IE 421 – Data Science for Engineers
Flight Delay Propagation & Operational Congestion Analysis
Introduction
This project analyzes operational inefficiencies in airline systems using the 2015 U.S. Flight Delays and Cancellations Dataset. By focusing on delay propagation, temporal congestion patterns, and predictive modeling, we aim to understand how small disruptions escalate within complex transportation systems. In the following visuals, we made conclusions about our analysis
Descriptive Visualizations
Monthly Congestion Patterns
This chart illustrates the monthly congestion patterns observed across 10 major airline hubs. Green bars indicate that the hub's specific congestion threshold has not been exceeded.
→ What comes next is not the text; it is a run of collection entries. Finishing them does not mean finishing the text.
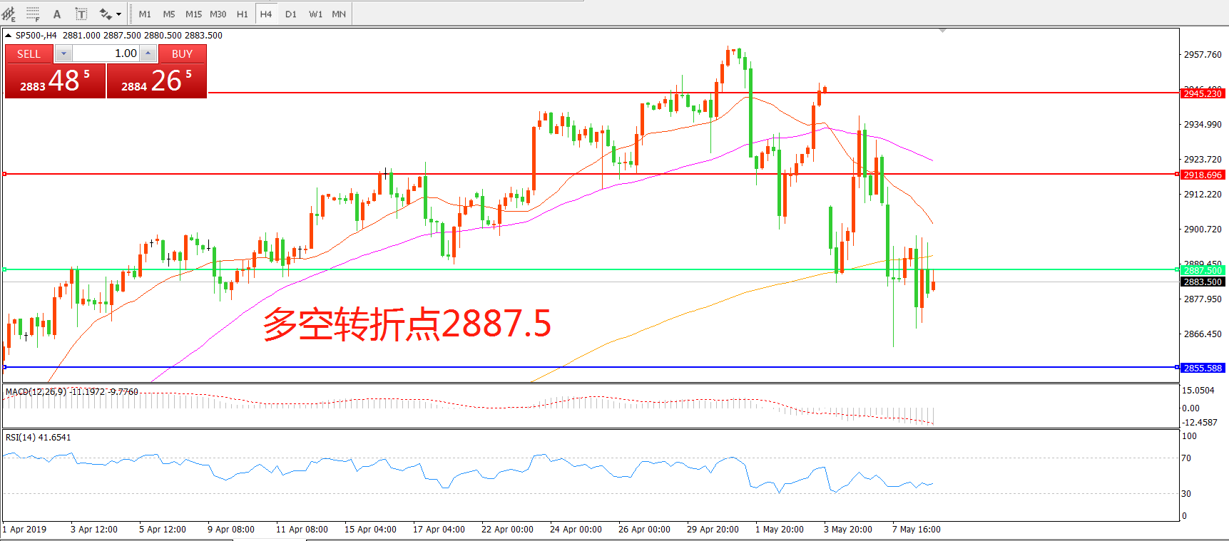 交易策略:在2887.5.之下看跌,目标2855.50     2817.50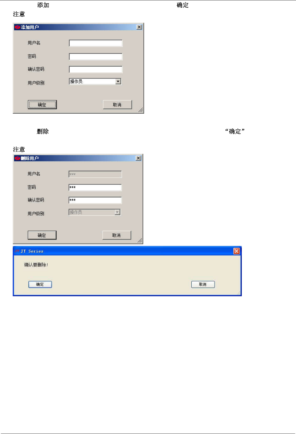 JTR 系列无铅回流焊机用户手册 软件操作 - 45 - 1 15 1.选择“ ”项时,需输入新增用户名、密码并确认。按“ ”后系统将自动保存并生效。 :请妥善记录用户名及密码,以免遗忘。 2.选择 “ ” 选项时如右图所示, 用户输入所需待删除的用户对应的密码。 按 按钮便会将此用户 删除。 :请慎用此选项。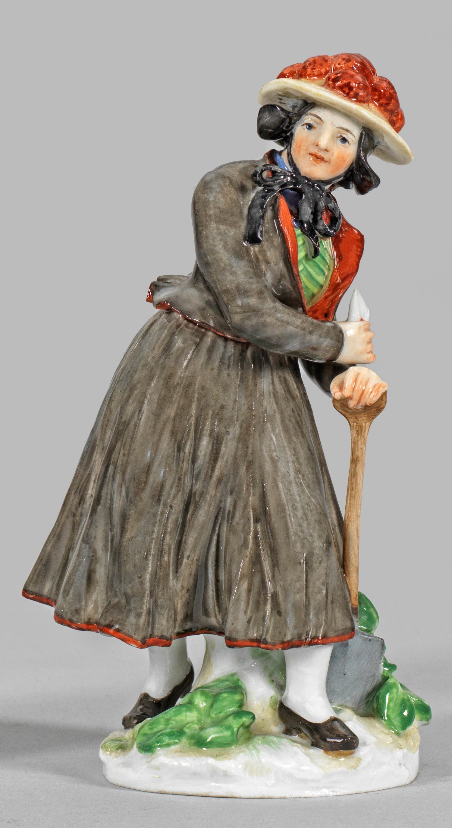 Aus einer Reihe von 25 Trachtenfiguren des Bildhauers Hugo Spielers, dessen Modelle die Meissener Manufaktur zwischen 1897 und 1898 erwarb. Spieler studierte an der Akademie und Kunstgewerbeschule in München und wurde als Professor an die Dresdner Kunstgewerbeschule berufen.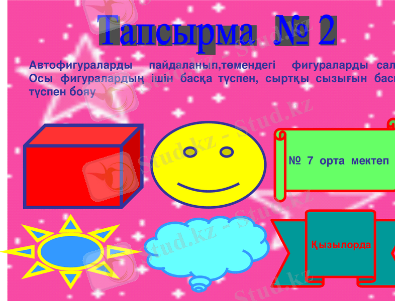 Автофигураларды пайдаланып, төмендегі фигураларды салу. Осы фигуралардың ішін басқа түспен, сыртқы сызығын басқа түспен бояу.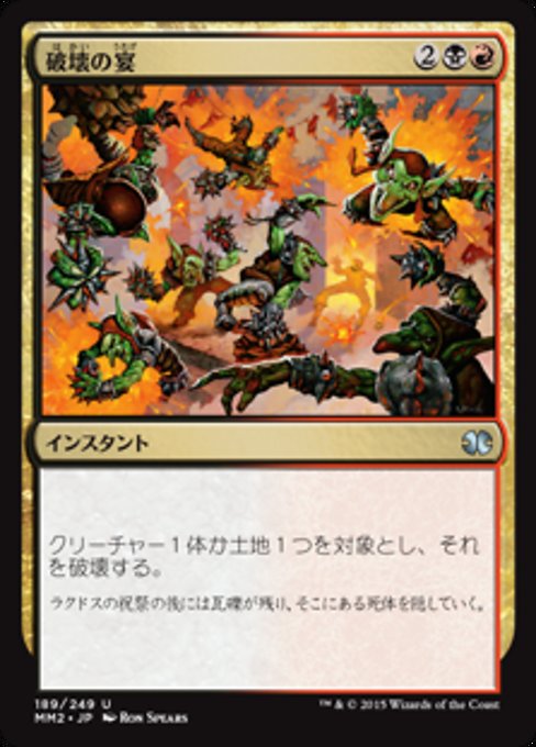 ![]() Variations— Parts— | 破壊の宴クリーチャー1体か土地1つを対象とし、それを破壊する。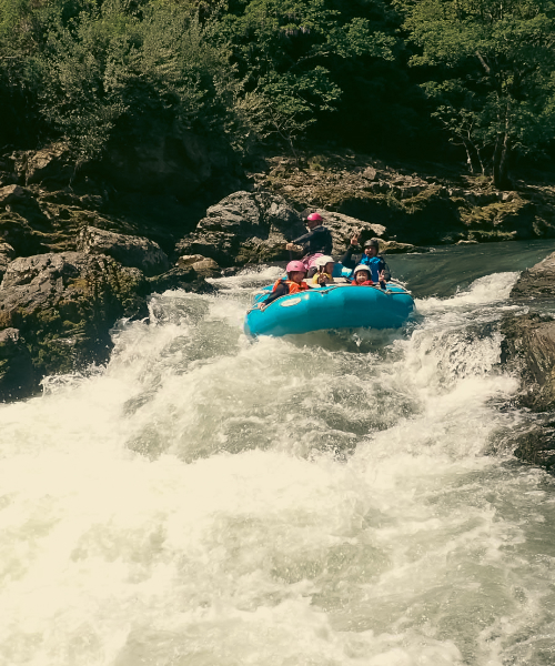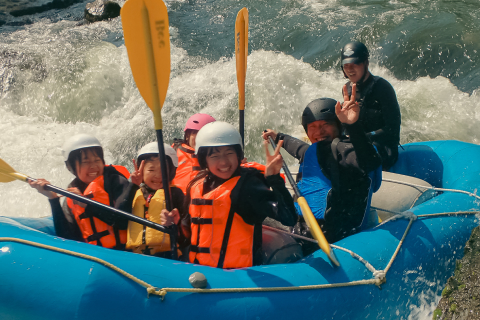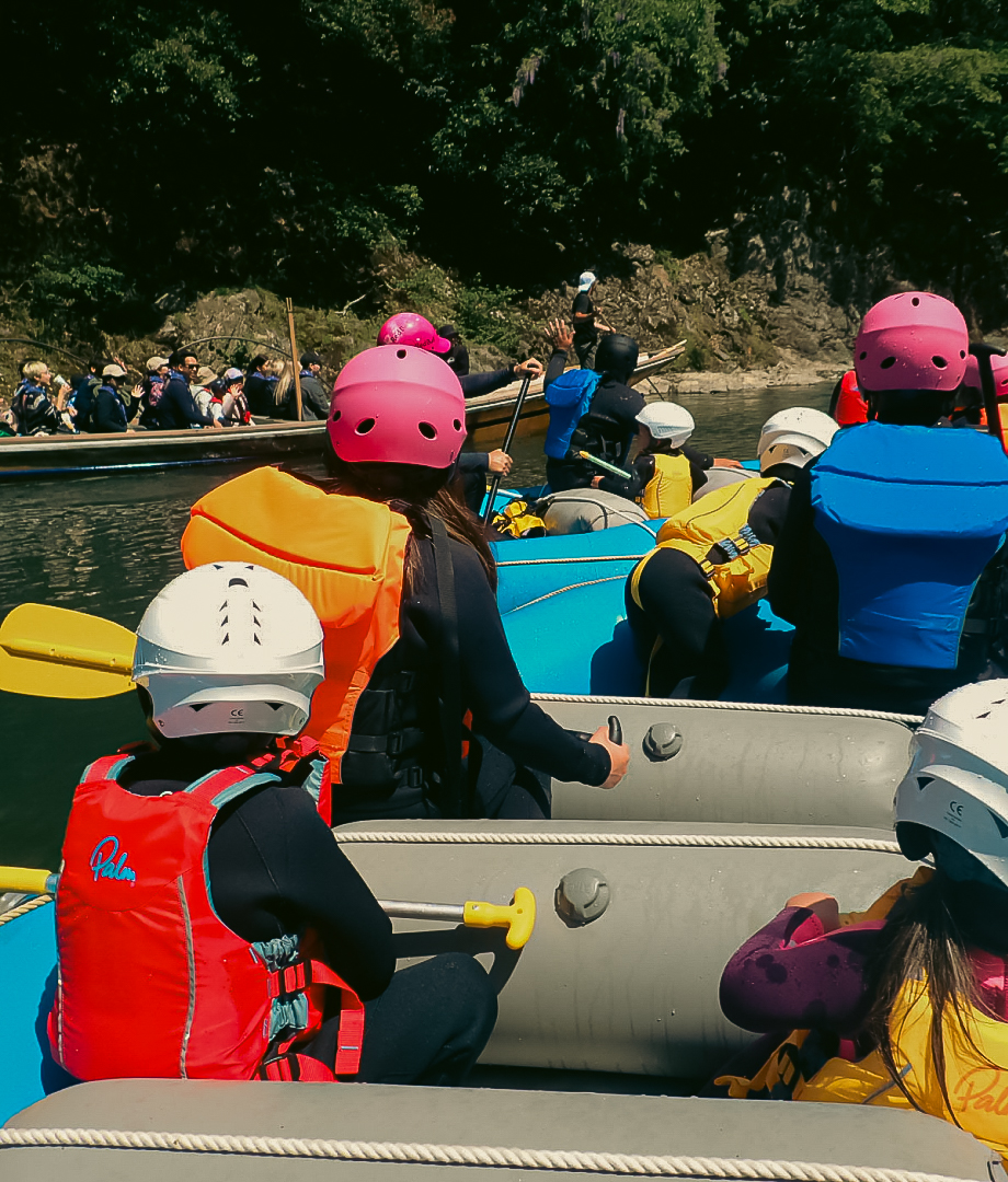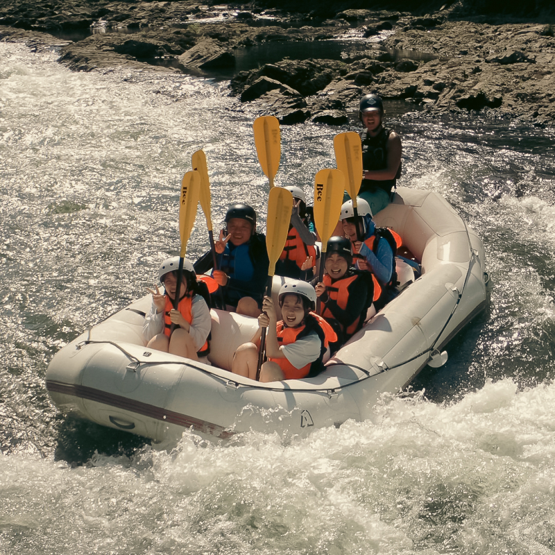 いよいよボートで激流へ!みんなでスリル満点の波を乗り越えます。みんなで力を合わせて漕ぐ一体感はたまりません!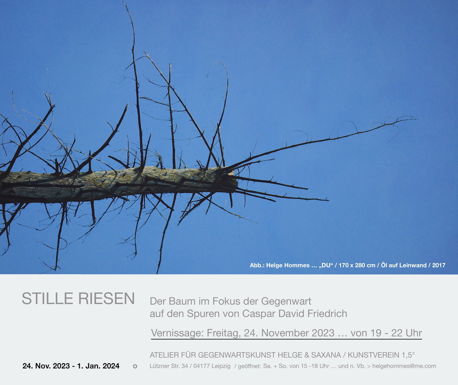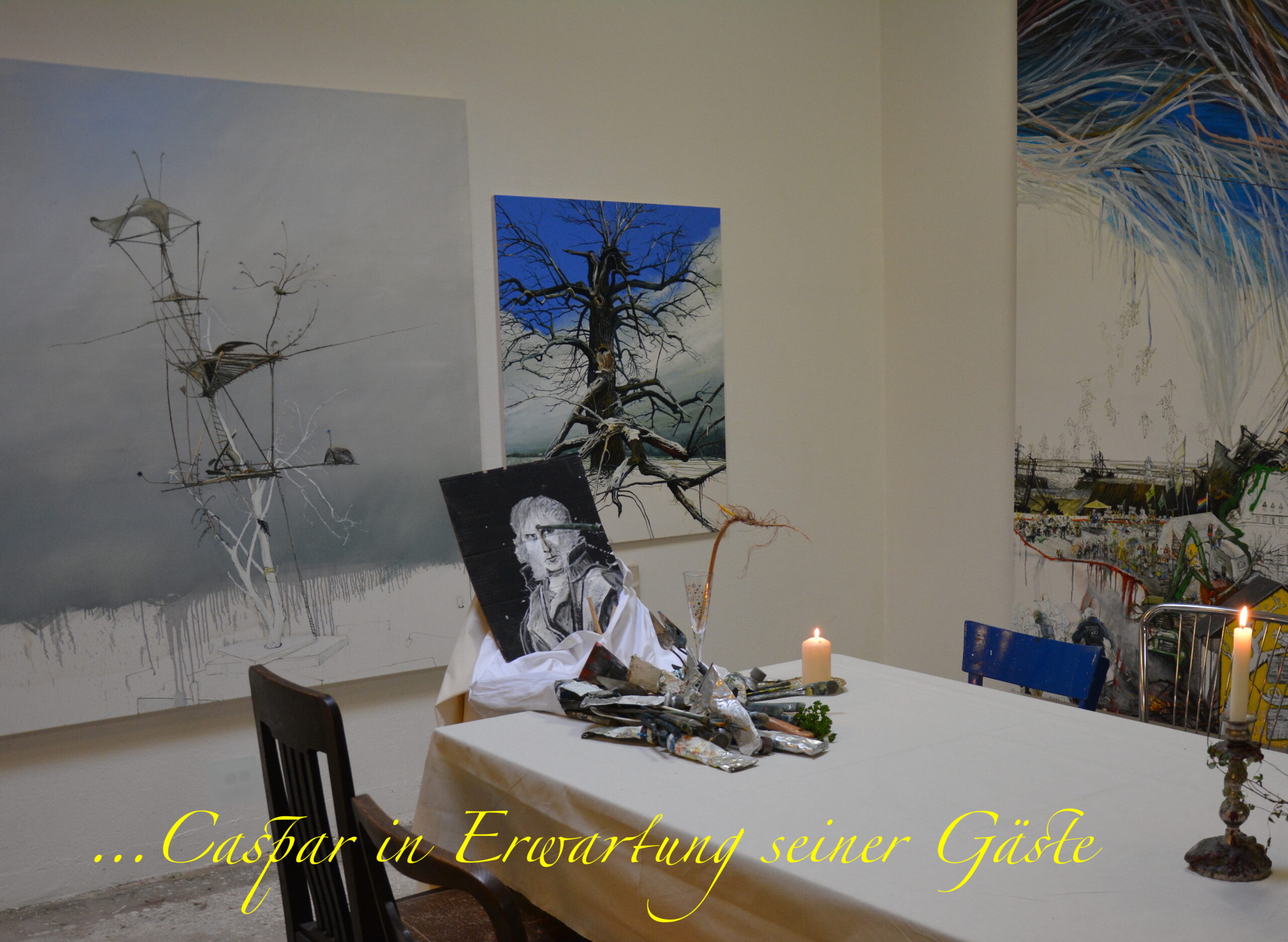 On November 24th, 2023 we opened a small, fine interim exhibition in memory of Caspar David Friedrich with the title: SILENT GIANTS The tree in the focus of the present – in the footsteps of Caspar David Friedrich The tree is perceived as a contemporary central being in the opposite, personified and honored in a contemporary way in relation to CDF and brought into diverse artistic focus. As a special event at the end of the exhibition, we invited you on New Year’s Day 2024, On the 1st day of the 250th birthday anniversary year of the painter – icon, people united vegan birthday anniversary menu No. 250 in the exhibition and celebrated and honored CDF looking back and considering what awaits us today in the future…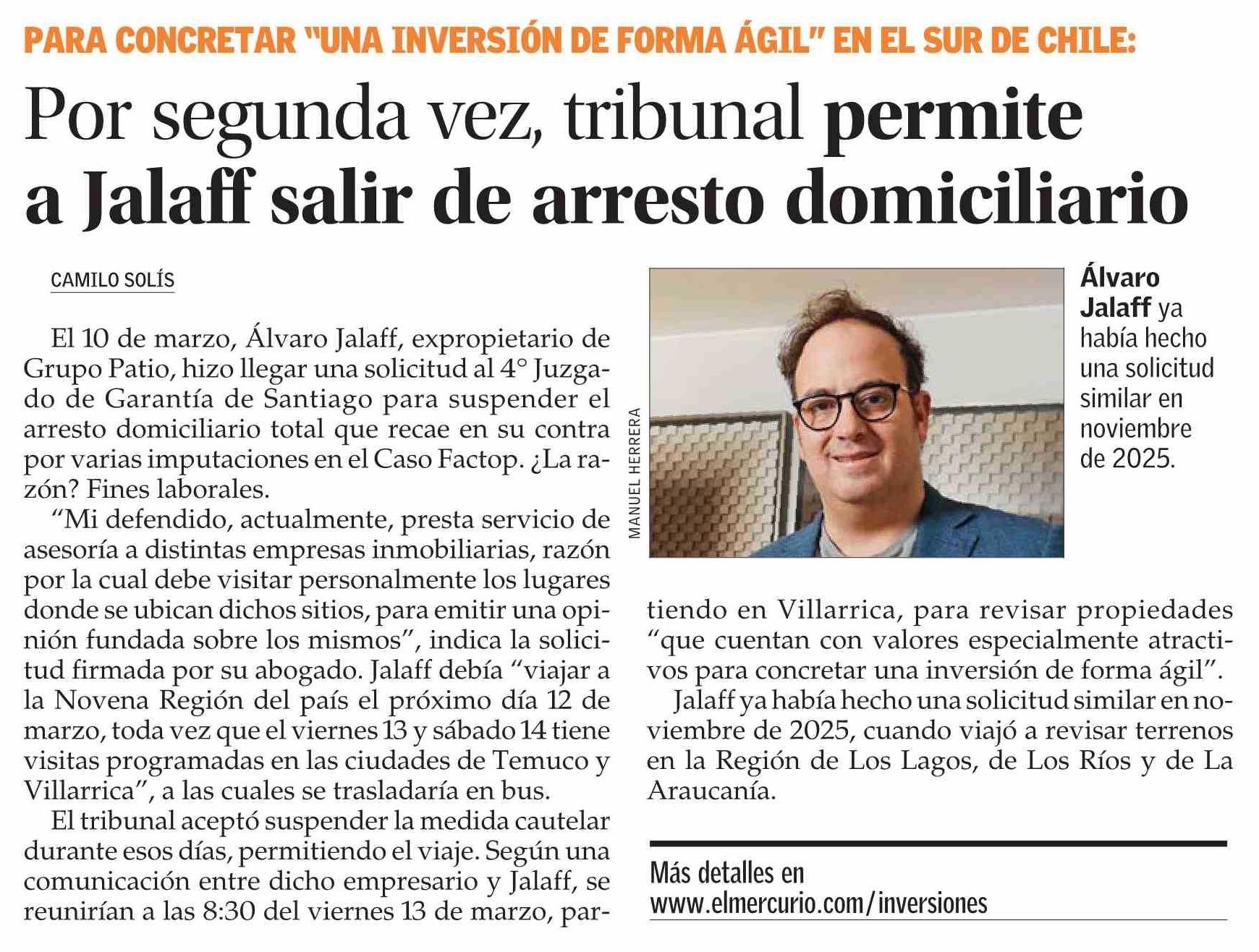 Por segunda vez, tribunal permite a Jalaff salir de arresto domiciliario 18-03-2026 El Mercurio |

Red bars signify that the threshold has been surpassed for that month. By analyzing this visualization, we can precisely identify which major hubs experience congestion during specific months. This insight enables airport authorities and airlines to plan their monthly flight schedules more effectively and enhance operational flexibility.
The "Snowball Effect"
This matrix visualizes the "Snowball Effect," demonstrating how flight delays compound as an aircraft completes more flight segments throughout its daily rotation. To implement this analysis, we focused on a specific delay interval of 30 to 90 minutes, a range strategically selected due to its significant impact on flight sector operations. Within this framework, rotation length is defined as the total number of flights a single aircraft performs in a day, while net delay accumulation represents the difference between the initial flight's delay and the final flight's arrival delay. The resulting heatmap uses color density to represent the flight count, where upper cells indicate larger "snowballs"—high levels of delay accumulation—and lower cells represent smaller ones. The analysis reveals that as the rotation length increases, the density of delays shifts toward higher accumulation intervals, confirming that early-day disruptions tend to escalate throughout the schedule. While the data shows that massive "snowballs" are not overly frequent, their existence proves that current progress is open for optimization; the system is not at a deficient level, but there is clear room for improvement to enhance overall operational efficiency.
Peak Hour Bottlenecks
Utilizing the complete flight dataset, this jointplot visualization identifies critical bottleneck hours by mapping flight density across the days of the week and specific times of day. The use of hexagonal binning allows for a precise representation of traffic intensity, where red hexagons signify areas of high flight density and green hexagons represent lower activity levels. Certain gaps within the plot indicate periods with no recorded data, a common occurrence in such a large-scale dataset due to natural scheduling intervals or maintenance windows. By pinpointing exactly which hours of each day experience the highest concentrations of traffic, this analysis provides essential insights for airport authorities. This data-driven approach enables more flexible and efficient time management, allowing for optimized scheduling and better resource allocation to mitigate peak-hour congestion.
Predictive Modeling
Arrival Delay Prediction Model
This predictive model utilizes a Multiple Linear Regression (OLS) analysis to quantify the impact of departure metrics on flight arrival delays. By incorporating departure delay, taxi-out time, and flight distance as independent variables, the model achieves a remarkably high R-squared value of 0.926, indicating that it explains approximately 92.6% of the variance in arrival delays. The regression coefficients reveal that departure delay is the strongest predictor, with a near one-to-one correlation (0.996), suggesting that delays at the gate translate almost directly to the final arrival time. Additionally, the model shows that each minute of taxi-out time contributes approximately 0.78 minutes to the arrival delay, while flight distance has a negligible but statistically significant negative impact (-0.0039), implying that longer flights may offer marginal opportunities for time recovery in the air. The visualization highlights the strong linear relationship between the predicted and actual flight records, providing a robust statistical framework for forecasting operational disruptions. Overall, these findings demonstrate that arrival delays are highly predictable based on early-stage departure metrics, offering a reliable tool for airlines to anticipate and mitigate schedule deviations.